8. An IMS according to claim 1, further comprising a logic for monitoring the amount of added data sets per resource.

9. An IMS according to any one of the preceding claims, wherein each variable data set comprises:

a variable value matrix containing variable values organized as rows and columns;

a row description list, in a variable description language, of the rows in the variable value matrix;

a column description list, in a variable description language, of the columns in the variable value matrix;

a fixed dimension description, in a variable description language, of one or more fixed dimensions that are common to all values in the variable value matrix.

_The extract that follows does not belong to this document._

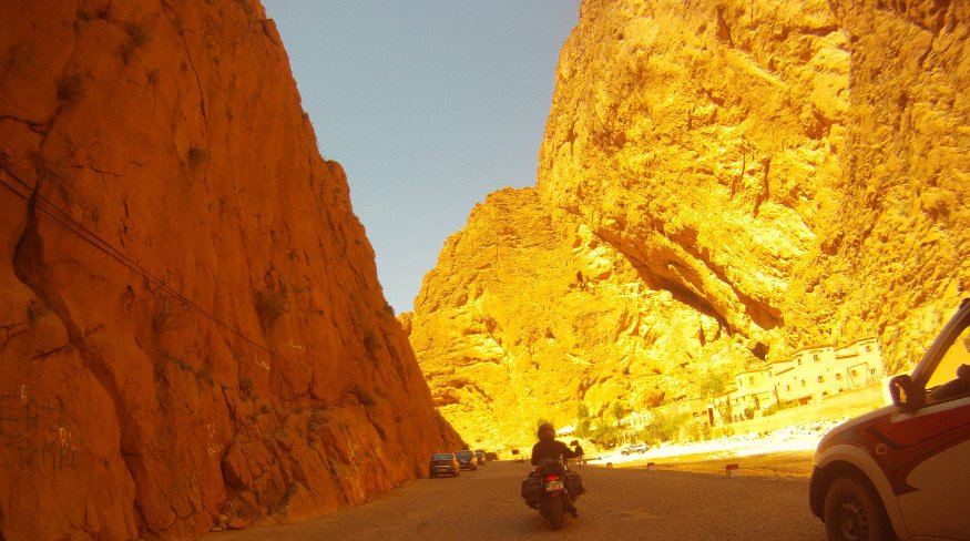 A Tinerhir vam agafar el trencall cap a les Gorges del Todgha i la carretera es va convertir en un camí mal asfaltat, ple de forats i molt estret i a més en algun tros hi havia grava per acabar-ho d'arreglar. |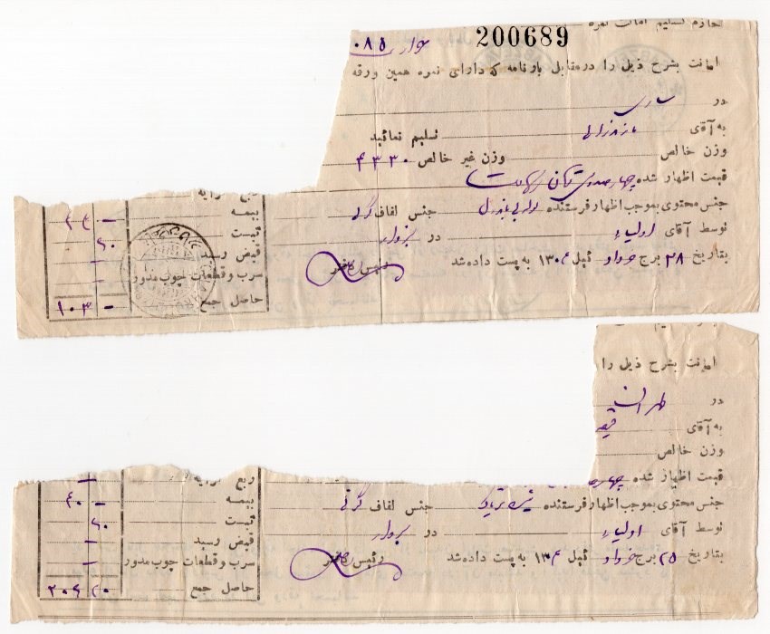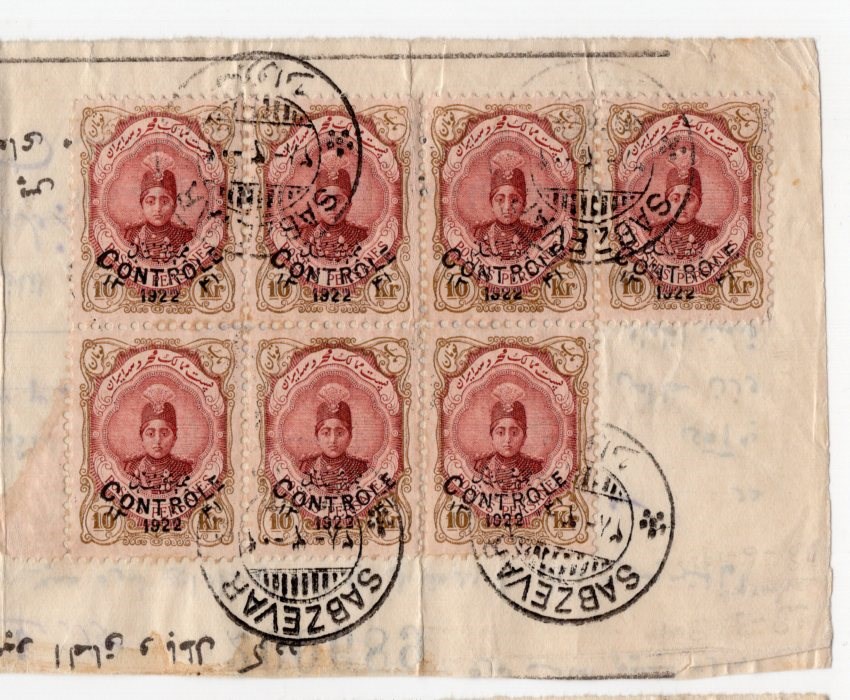 Two large part parcel delivery from Sabzevar to Chahroud and Tehran with strip 9 of 20kr, pair, strip3, and block 7 of 10kr controle 1922.

10. A method for storing biochemical information in a database, the method comprising:

maintaining a first data structure for containing biochemical information, the first data structure comprising variable data sets for describing biomaterial and/or biochemical entities;

maintaining a second data structure for containing project information, the second data structure comprising experiment data sets for describing experiments, each experiment having one or more method definitions; wherein each method definition has one or more experiment input definitions and experiment output definitions;

wherein the experiment input definitions and experiment output definitions are instances of the variable data sets; and

each method definition relates to at least one time definition.